From the listing below, give again exactly the lines from the line with "Beşiktaş Rum Mektebi" to the line with "第二重作用:PDLLA 多孔", ends included, without any pictures.

#### Source information ####

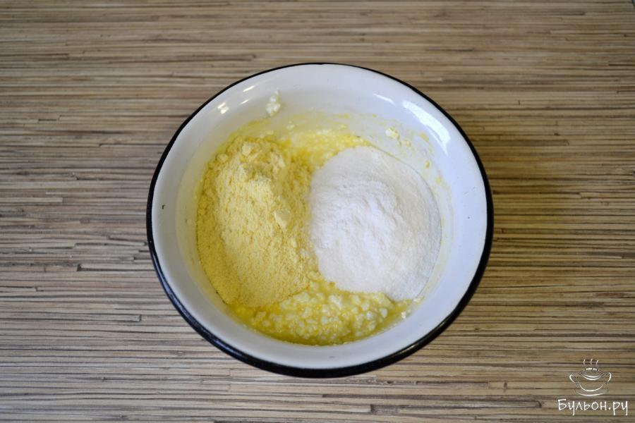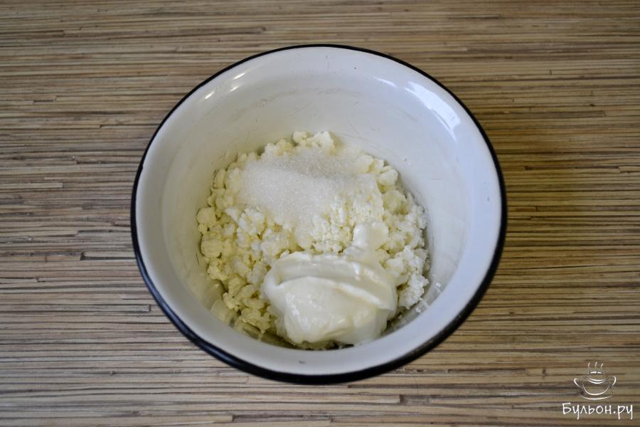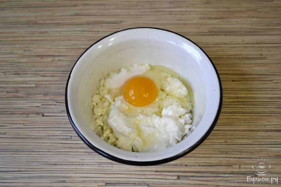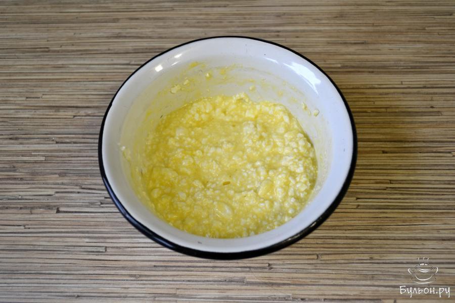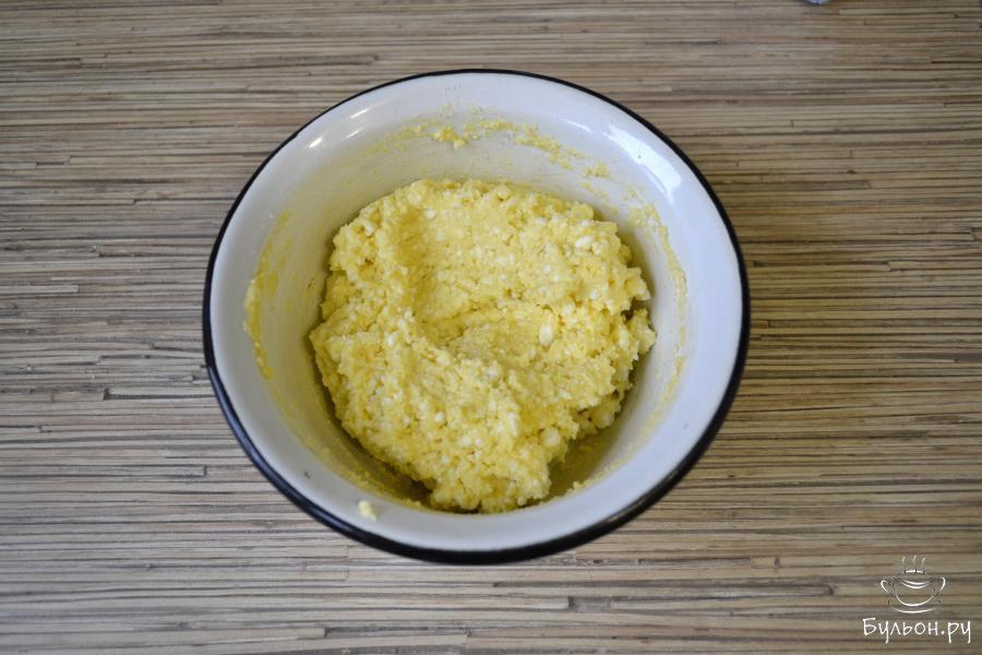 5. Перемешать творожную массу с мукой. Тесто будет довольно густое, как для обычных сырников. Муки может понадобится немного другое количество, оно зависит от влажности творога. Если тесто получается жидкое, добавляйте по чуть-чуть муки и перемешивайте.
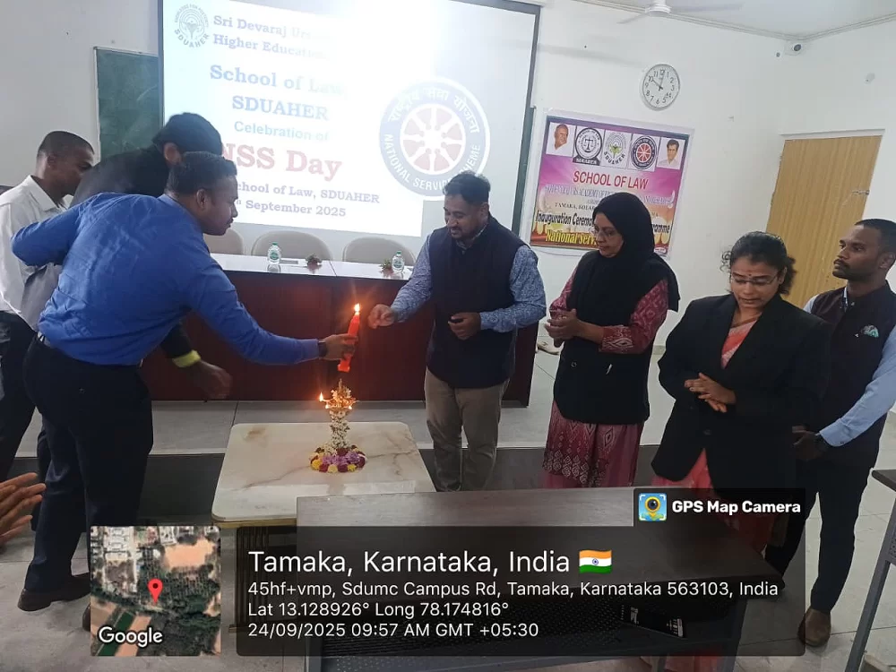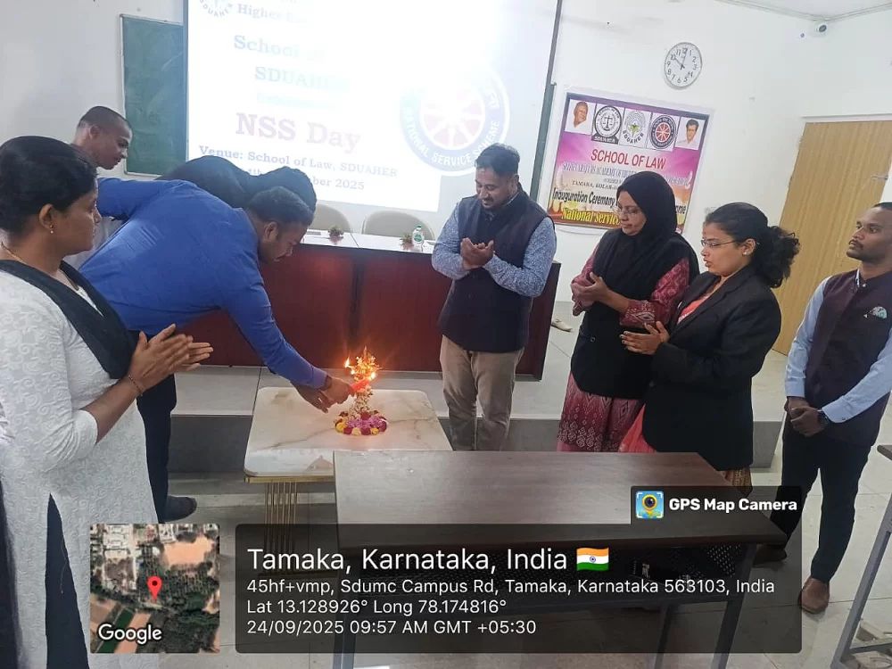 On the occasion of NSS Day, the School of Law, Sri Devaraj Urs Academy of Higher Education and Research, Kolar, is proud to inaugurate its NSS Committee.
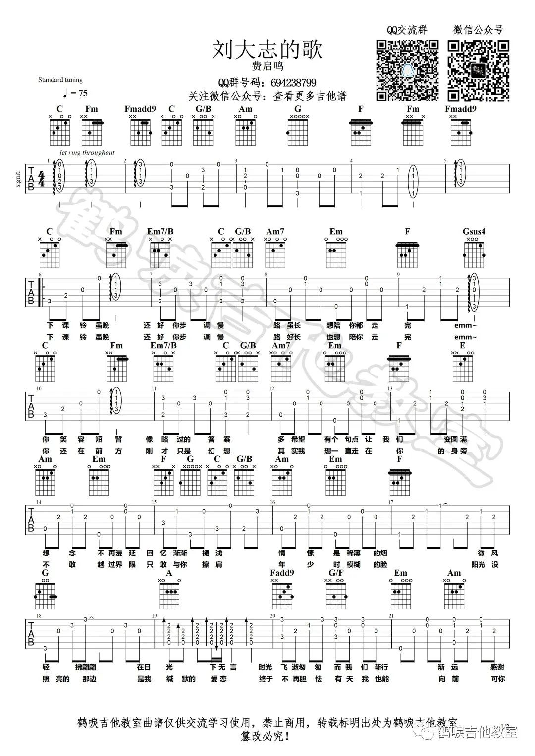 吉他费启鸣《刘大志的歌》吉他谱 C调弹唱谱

####
#### Source information ####

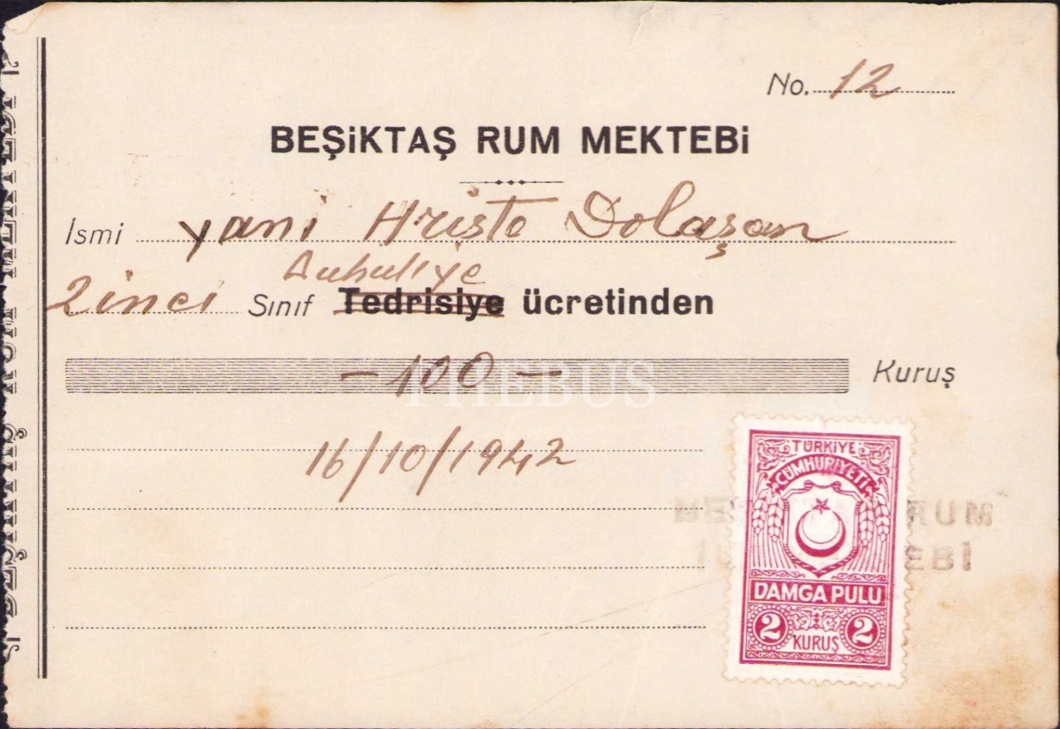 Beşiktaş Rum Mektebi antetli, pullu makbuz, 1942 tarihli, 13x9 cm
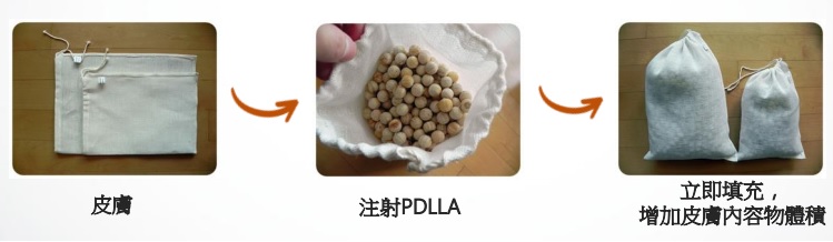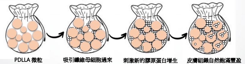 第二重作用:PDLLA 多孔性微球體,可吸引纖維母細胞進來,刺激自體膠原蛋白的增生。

####

**Answer to the problem**:
 Beşiktaş Rum Mektebi antetli, pullu makbuz, 1942 tarihli, 13x9 cm
 第二重作用:PDLLA 多孔性微球體,可吸引纖維母細胞進來,刺激自體膠原蛋白的增生。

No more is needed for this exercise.